I also tried it near the campsite where the old bridge was and this is what I found. On the east side of the campsite are 4 free squares until you hit the water. A bridge can't be build there due to the campsite. On the north side, and on the west side, there are 5 free squares until you hit water. A bridge can be build in both places. (that's horizontal and vertical)


----------



## jokimori (Mar 16, 2014)

J087 said:


> I tried and my bridge can be build.
> 
> I also tried it near the campsite where the old bridge was and this is what I found. On the east side of the campsite are 4 free squares until you hit the water. A bridge can't be build there due to the campsite. On the north side, and on the west side, there are 5 free squares until you hit water. A bridge can be build in both places. (that's horizontal and vertical)



ah that's great to hear! 

sounds like my guide's correct on those points too! pfew!! thanks for sharing :>


----------



## ladylotte (Mar 17, 2014)

This makes no sense to me: I can build a bridge behind my house, vertical, where there's only one tile of buffer between my house and the river.... but I can't build one off the path that passes in front of my house, even though I've got 4 tiles of clearance between the front of my house, and what would be the bridge. Granted, my house is only 3 in from the edge of the river... but I don't see how the buffer zones could possibly still be overlapping so much. Can't post a pic at the moment.


----------



## jokimori (Mar 17, 2014)

ladylotte said:


> This makes no sense to me: I can build a bridge behind my house, vertical, where there's only one tile of buffer between my house and the river.... but I can't build one off the path that passes in front of my house, even though I've got 4 tiles of clearance between the front of my house, and what would be the bridge. Granted, my house is only 3 in from the edge of the river... but I don't see how the buffer zones could possibly still be overlapping so much. Can't post a pic at the moment.

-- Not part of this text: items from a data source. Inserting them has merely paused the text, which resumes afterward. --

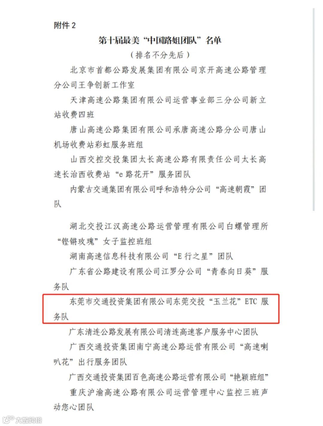 10月11日下午,中国公路学会公布了第十届最美“中国路姐”名单,东莞交投“玉兰花”ETC服务队荣获第十届最美“中国路姐团队”称号。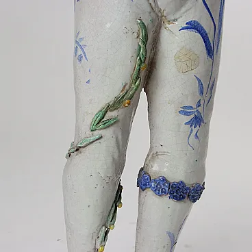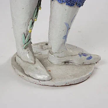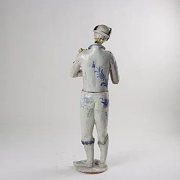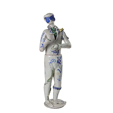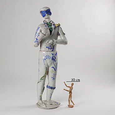 Grande statua in terracotta smaltata a policromia raffigurante figura in maschera. La scultura è composta da due parti: il busto e le gambe.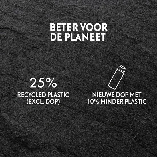 - De verpakking bestaat uit 25% recycled plastic (excl. dop)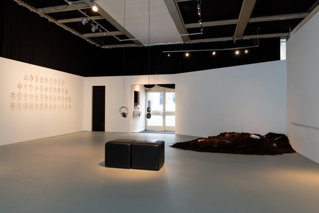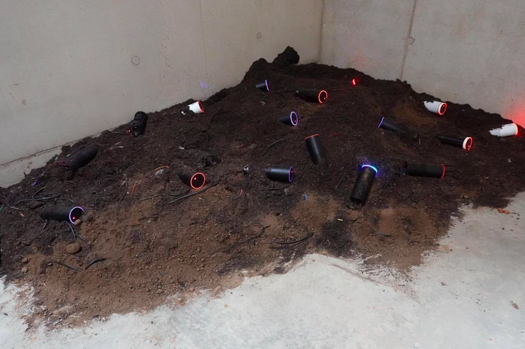 Het eerste werk dat we bekijken is Goatley’s geluidsinstallatie Newly Forgotten Technologies: The Choir. In een berg aarde liggen knipperende, half uit elkaar gevallen bluetooth speakers, maar verder gebeurt er niets. Hey Alexa, roep ik, in de hoop dat de geest van Amazon nog ergens in een van de speakers huist. Het blijft stil, op wat geruis en gepruttel na. De host van P-OST laat weten dat er een storing is, maar dat eraan wordt gewerkt.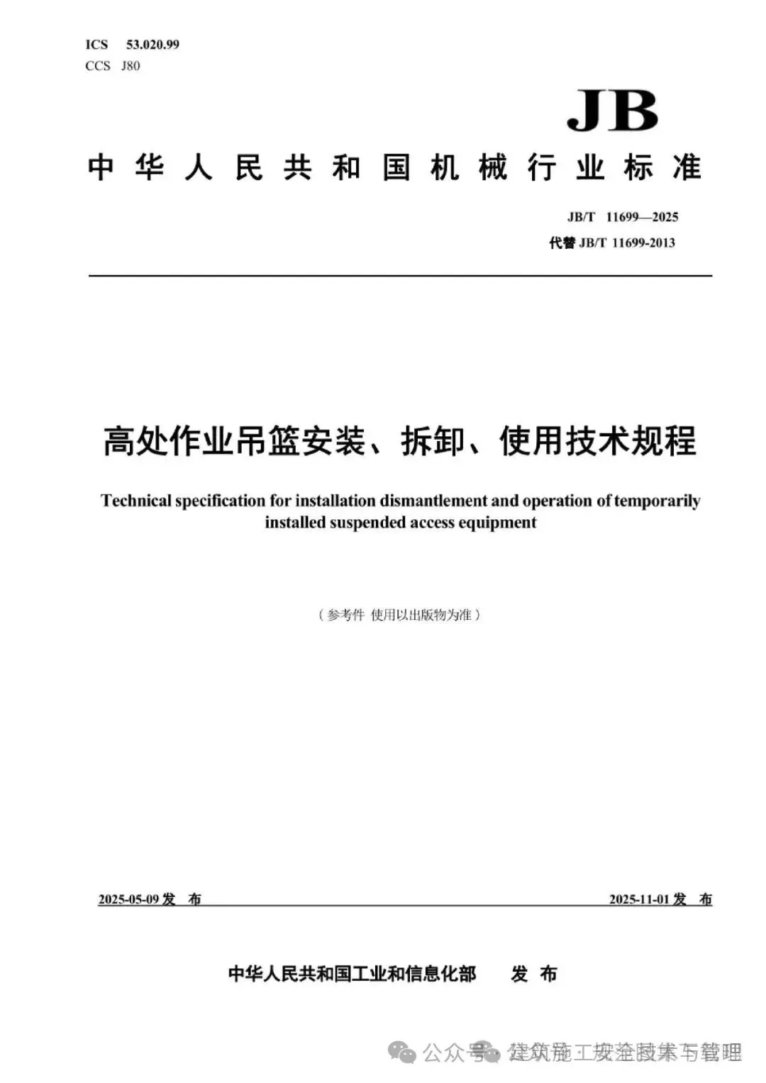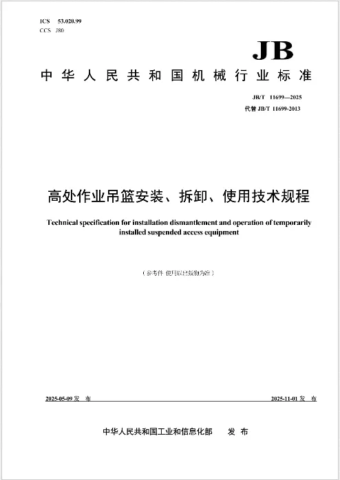 JB/T 11699-2025《高处作业吊篮安装、拆卸、使用技术规程》是一项至关重要的机械行业标准,它已于2025年11月1日正式实施,全面替代了之前的2013年版本。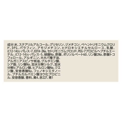 水、ステアリルアルコール、グリセリン、ジメチコン、ベヘントリモニウムクロリド、DPG、パラフィン、アモジメチコン、ヒドロキシエチルセルロース、乳酸、(C12-14)s-パレス-7、EDTA-2Na、セトリモニウムクロリド、PEG-7プロピルヘプチルエーテル、(C12-14)s-パレス-5、硝酸Na、酢酸、ポリソルベート60、リン酸2Na、酢酸トコフェロール、アルギニン、ホホバ種子油、アルガニアスピノサ核油、グルタミン酸、シア脂、リン酸Na、加水分解シルク、加水分解ヒアルロン酸、ヒアルロン酸Na、クエン酸、安息香酸Na、フェノキシエタノール、ブチルカルバミン酸ヨウ化プロピニル、安息香酸、香料、黄4、赤227、青1

hmm yes this conflicts with my guide... awaiting your pictures!


----------



## jokimori (Mar 24, 2014)

hello


----------



## Artemis_Dreamer (Mar 24, 2014)

Thank you for this helpful guide! It's nice to know where bridges can and cannot go.

This way, I know I can't put one near Felicity's house, and don't have to go through the whole disappointment and argument with Isabelle. 

Much appreciated!


----------



## HelloAnna (Mar 24, 2014)

This was needed. Thank you! ​


----------



## jokimori (Mar 25, 2014)

Artemis_Dreamer said:


> Thank you for this helpful guide! It's nice to know where bridges can and cannot go.
> 
> This way, I know I can't put one near Felicity's house, and don't have to go through the whole disappointment and argument with Isabelle.
> 
> Much appreciated!



ah i'm glad i could help you! don't rely to much on this guide though, so far i'm the only contributor of it so it's all kind of shaky!



HelloAnna said:


> This was needed. Thank you! ​



you're welcome :>


----------



## Improv (Mar 25, 2014)

Thank you for this! It will definitely help with the planning of my new town.


----------



## undadac (Mar 25, 2014)

Wow so that would mean I do need kitt to move  ughrrrr


----------



## Nerd House (Mar 25, 2014)

Nice guide, although I've had all my bridges built since Week 1 xD

I hated my first town layout....even with bridges it was STILL a chore to get around to everyone's houses.


----------



## jokimori (Mar 25, 2014)

Swurve said:


> Thank you for this! It will definitely help with the planning of my new town.



you're very welcome :>



undadac said:


> Wow so that would mean I do need kitt to move  ughrrrr



ah, that's sucks :< is it a horizontal bridge?



MikeJ777 said:


> Nice guide, although I've had all my bridges built since Week 1 xD
> 
> I hated my first town layout....even with bridges it was STILL a chore to get around to everyone's houses.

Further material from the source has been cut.